◆ Work request
Below are the records; give again exactly the lines from the one containing "Schachplatz mit Klangsäulen von Robin Minard." through the one containing "電磁式測頭(F型磁性) CTG-F 測定對象：磁性金屬上的非磁性鍍層", leaving out pictures.

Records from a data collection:
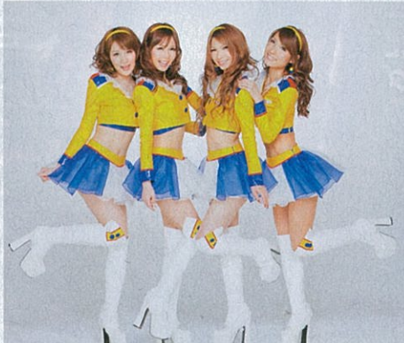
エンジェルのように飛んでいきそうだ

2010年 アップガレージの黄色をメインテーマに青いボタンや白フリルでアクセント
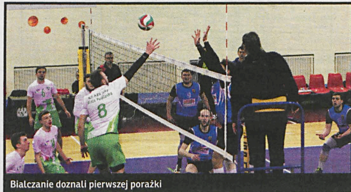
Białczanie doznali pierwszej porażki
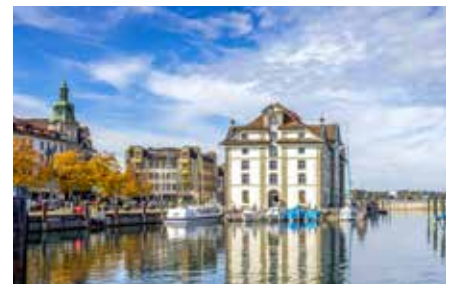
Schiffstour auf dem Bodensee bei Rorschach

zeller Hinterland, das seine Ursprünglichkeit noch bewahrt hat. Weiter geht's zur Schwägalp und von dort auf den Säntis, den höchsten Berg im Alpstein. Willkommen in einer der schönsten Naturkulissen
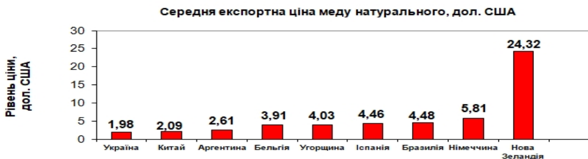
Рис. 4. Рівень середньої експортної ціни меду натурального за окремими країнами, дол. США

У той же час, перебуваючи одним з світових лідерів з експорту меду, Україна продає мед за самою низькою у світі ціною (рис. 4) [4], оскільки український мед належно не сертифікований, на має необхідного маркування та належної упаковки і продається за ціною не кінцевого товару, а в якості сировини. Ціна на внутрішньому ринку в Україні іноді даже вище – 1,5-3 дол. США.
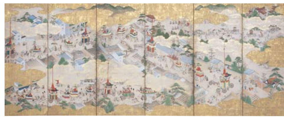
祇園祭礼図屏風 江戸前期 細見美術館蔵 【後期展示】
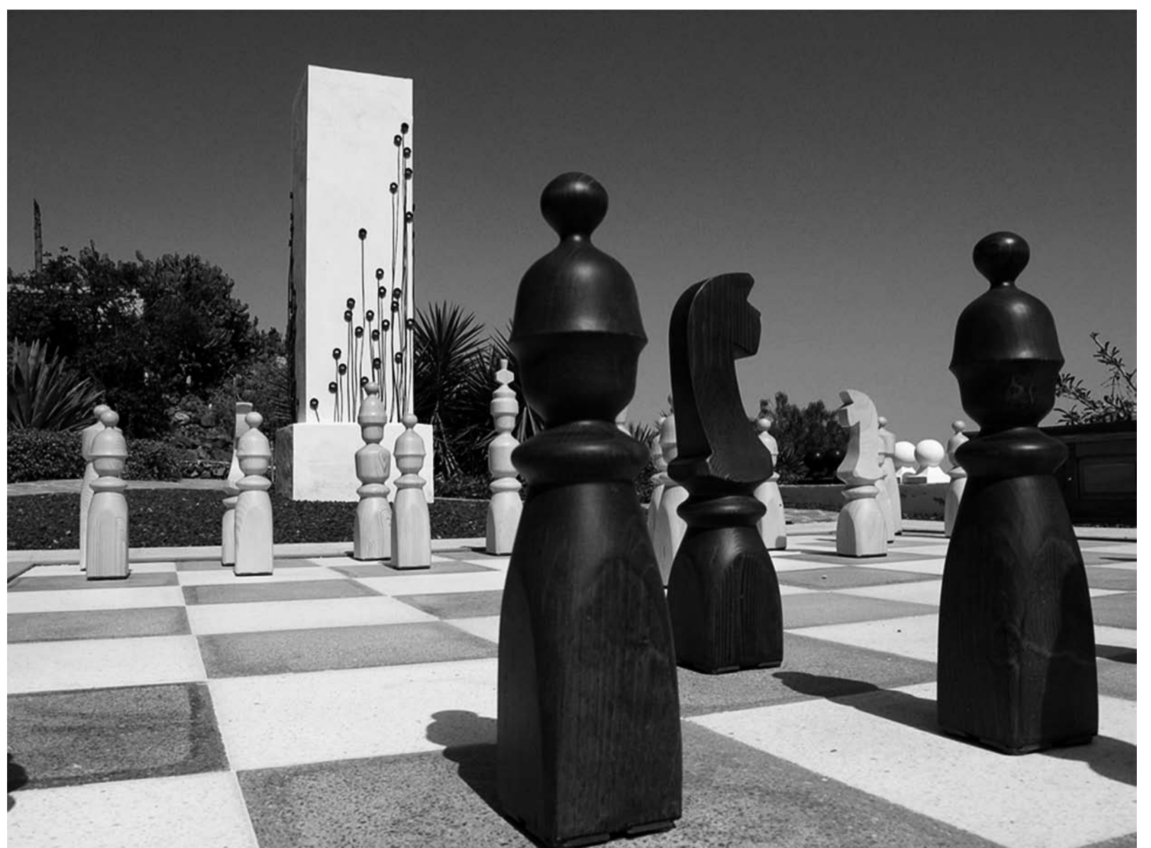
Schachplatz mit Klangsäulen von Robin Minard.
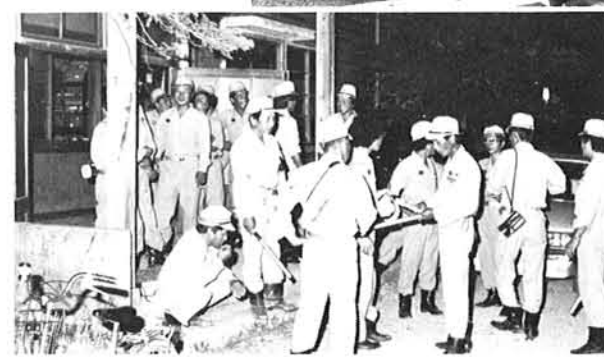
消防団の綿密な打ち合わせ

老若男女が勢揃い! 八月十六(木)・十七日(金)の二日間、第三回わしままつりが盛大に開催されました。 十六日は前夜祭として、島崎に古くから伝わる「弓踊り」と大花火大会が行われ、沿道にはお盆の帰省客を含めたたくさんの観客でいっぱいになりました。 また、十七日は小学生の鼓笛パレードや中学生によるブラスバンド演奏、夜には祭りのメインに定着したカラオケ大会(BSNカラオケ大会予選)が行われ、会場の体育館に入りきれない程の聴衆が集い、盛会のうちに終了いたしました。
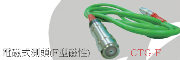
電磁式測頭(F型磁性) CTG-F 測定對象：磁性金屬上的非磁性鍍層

...

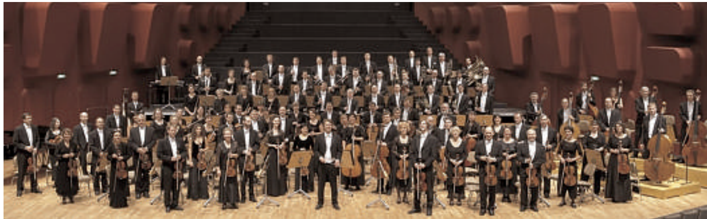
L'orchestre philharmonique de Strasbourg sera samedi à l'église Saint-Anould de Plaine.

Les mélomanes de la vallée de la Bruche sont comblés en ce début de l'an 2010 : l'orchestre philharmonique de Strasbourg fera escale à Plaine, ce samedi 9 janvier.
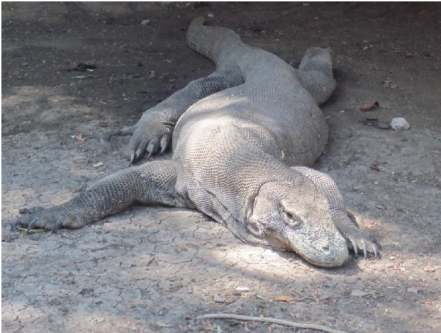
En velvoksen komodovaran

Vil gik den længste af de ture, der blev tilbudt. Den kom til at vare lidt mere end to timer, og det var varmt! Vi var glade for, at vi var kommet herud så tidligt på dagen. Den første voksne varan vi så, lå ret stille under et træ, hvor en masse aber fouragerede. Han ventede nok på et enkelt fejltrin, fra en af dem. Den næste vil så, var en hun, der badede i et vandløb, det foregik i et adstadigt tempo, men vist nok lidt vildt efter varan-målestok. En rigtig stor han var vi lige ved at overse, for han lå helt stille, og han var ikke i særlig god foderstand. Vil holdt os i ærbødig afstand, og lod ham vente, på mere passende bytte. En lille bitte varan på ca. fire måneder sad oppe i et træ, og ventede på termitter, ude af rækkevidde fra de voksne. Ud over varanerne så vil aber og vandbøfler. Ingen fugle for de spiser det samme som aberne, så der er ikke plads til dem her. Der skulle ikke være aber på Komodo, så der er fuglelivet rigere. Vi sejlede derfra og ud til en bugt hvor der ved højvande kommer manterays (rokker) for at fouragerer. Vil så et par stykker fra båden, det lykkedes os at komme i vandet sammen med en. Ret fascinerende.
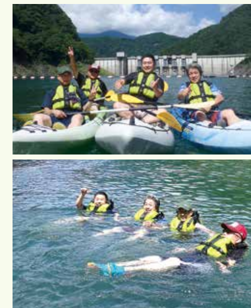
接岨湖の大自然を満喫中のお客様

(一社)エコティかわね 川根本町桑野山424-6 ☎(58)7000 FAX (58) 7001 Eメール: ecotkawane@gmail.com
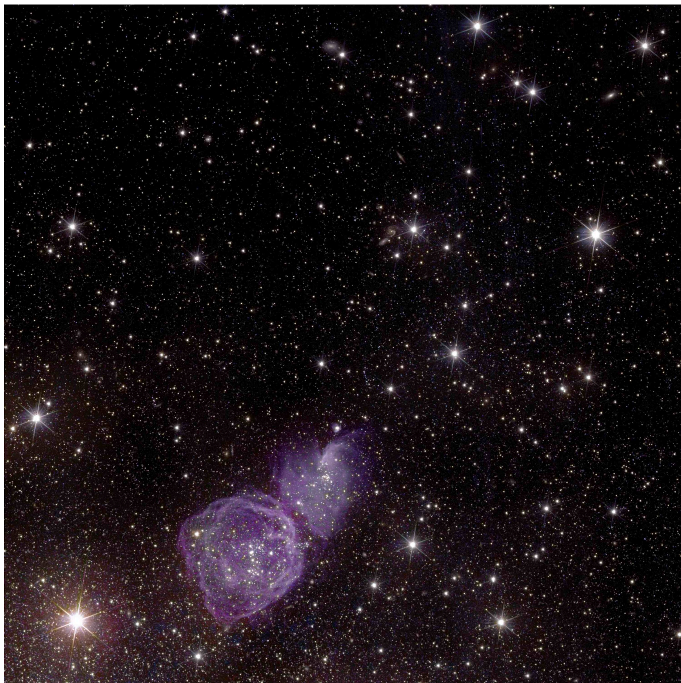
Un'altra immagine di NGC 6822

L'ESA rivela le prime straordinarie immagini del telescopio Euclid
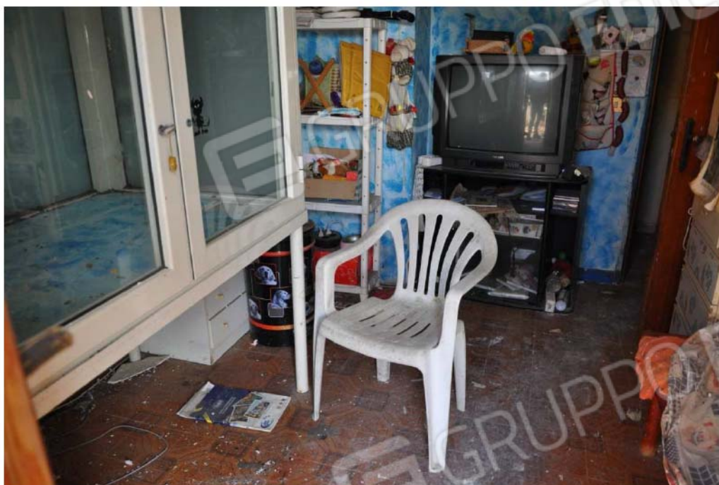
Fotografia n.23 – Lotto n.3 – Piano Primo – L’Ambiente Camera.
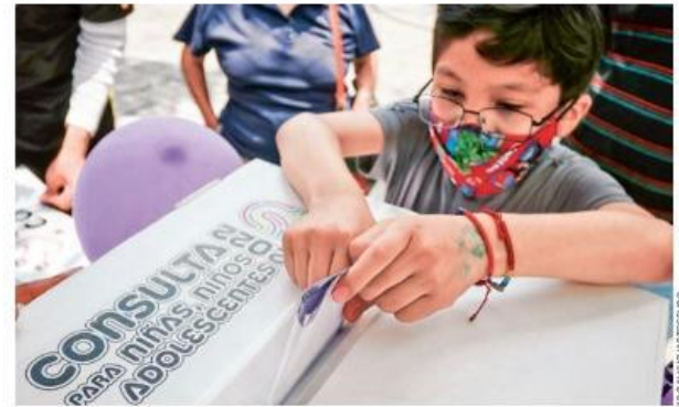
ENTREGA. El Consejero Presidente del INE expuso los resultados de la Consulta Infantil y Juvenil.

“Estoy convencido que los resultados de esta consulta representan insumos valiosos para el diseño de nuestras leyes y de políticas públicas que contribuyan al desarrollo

◆ Answer to this exercise
Schachplatz mit Klangsäulen von Robin Minard.
消防団の綿密な打ち合わせ

老若男女が勢揃い! 八月十六(木)・十七日(金)の二日間、第三回わしままつりが盛大に開催されました。 十六日は前夜祭として、島崎に古くから伝わる「弓踊り」と大花火大会が行われ、沿道にはお盆の帰省客を含めたたくさんの観客でいっぱいになりました。 また、十七日は小学生の鼓笛パレードや中学生によるブラスバンド演奏、夜には祭りのメインに定着したカラオケ大会(BSNカラオケ大会予選)が行われ、会場の体育館に入りきれない程の聴衆が集い、盛会のうちに終了いたしました。
電磁式測頭(F型磁性) CTG-F 測定對象：磁性金屬上的非磁性鍍層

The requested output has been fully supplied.